Let’s start by visualizing the two variables of interest, say LowSleep and Obesity:

ggplot(health) +
  geom_point(aes(x = LowSleep, y = Obesity)) +
  theme_bw()

Nice. It certainlty looks like there’s a positive relationship between the two variables. geom_point() makes it easy for us to change the symbology of these points based on groups they belong to or other variables. We could, for example, change point size based on the population of the city.

ggplot(health) +
  geom_point(aes(x = LowSleep, y = Obesity, size = PopulationCount), alpha = 0.5) +
  theme_bw()

Now, finally, let’s compute the correlation:1

cor(health$LowSleep, health$Obesity)
## [1] 0.6315024

And let’s visualuze a line with the is slope on top of the scatter plot we just created:

ggplot(health) +
  geom_point(aes(x = LowSleep, y = Obesity)) +
  geom_abline(aes(slope = cor(health$LowSleep, health$Obesity), intercept = 6), color = "red") +
  theme_bw()

Wow, 0.6315024 is a very high correlation.

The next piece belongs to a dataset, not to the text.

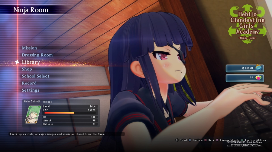 As before, you have Ninja Rooms for each of the campaign/factions (Hanzo and Hebijo), acting as hub for accessing the story missions (and the free missions that you unlock), checking stats, the gallery of music, hidden enemy files collected in the missions, saving/loading, and a shop where to buy stuff for the gallery, or bras and stuff like that for the Dress Up mode. Because of course a game like this has the “looking at the girl changing in her room at your command” mode. With a Diorama Mode inside to pose them against backdrops, and i don’t get this diorama obsession you can find in niche titles. And that crappy PS3/PS4 Godzilla game.
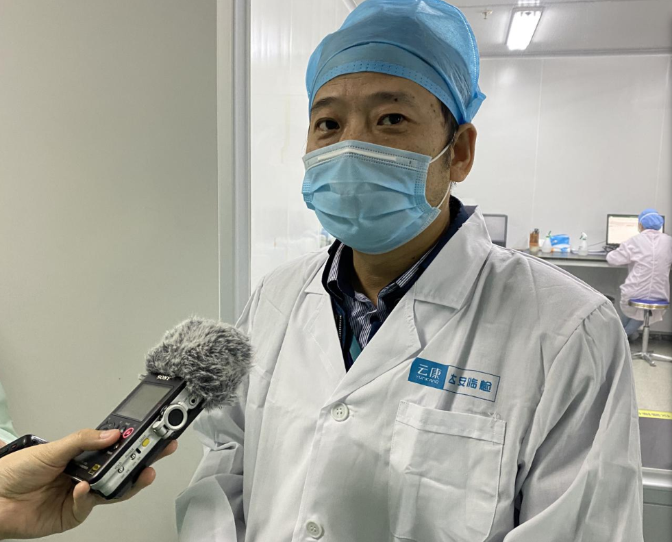 云康中心實驗室主任尹杰接受記者采訪。攝影 朱子榮

This must mean that sleeping less causes obesity. Call the press! This is big news!

WRONG! CORRELATION DOES NOT IMPLY CAUSATION.

Let me repeat that:

CORRELATION DOES NOT IMPLY CAUSATION

Should I repeat again? Ok.

CORRELATION DOES NOT IMPLY CAUSATION

Hang on, one more time, coming from Neil deGrasse Tyson, to make sure you never, ever forget:

Visit this website for many examples of how two random and unrelated variables may covary across space or time (‘Age of Miss America’ and ‘Murders by steam, hot vapours and hot objects’), though I think there’s some truth to this one as Nicolas Cage generally makes me want to drown myself:

Correlation tells you nothing more than the relationship between two variables. When LowSleep increases, does Obesity tend to increase or decrease? It tells you nothing about whether or how LowSleep causes Obesity. Establishing a causal link between two variables requires fairly sophisticated statistics. If you are interested in learning more about this, I highly recommend looking into the field of causal inference. I also recommend befriending an econometrician. The point here is that you, as data producers and consumers, should be very critical of any claims you read/produce establishing a causal link between one thing and another.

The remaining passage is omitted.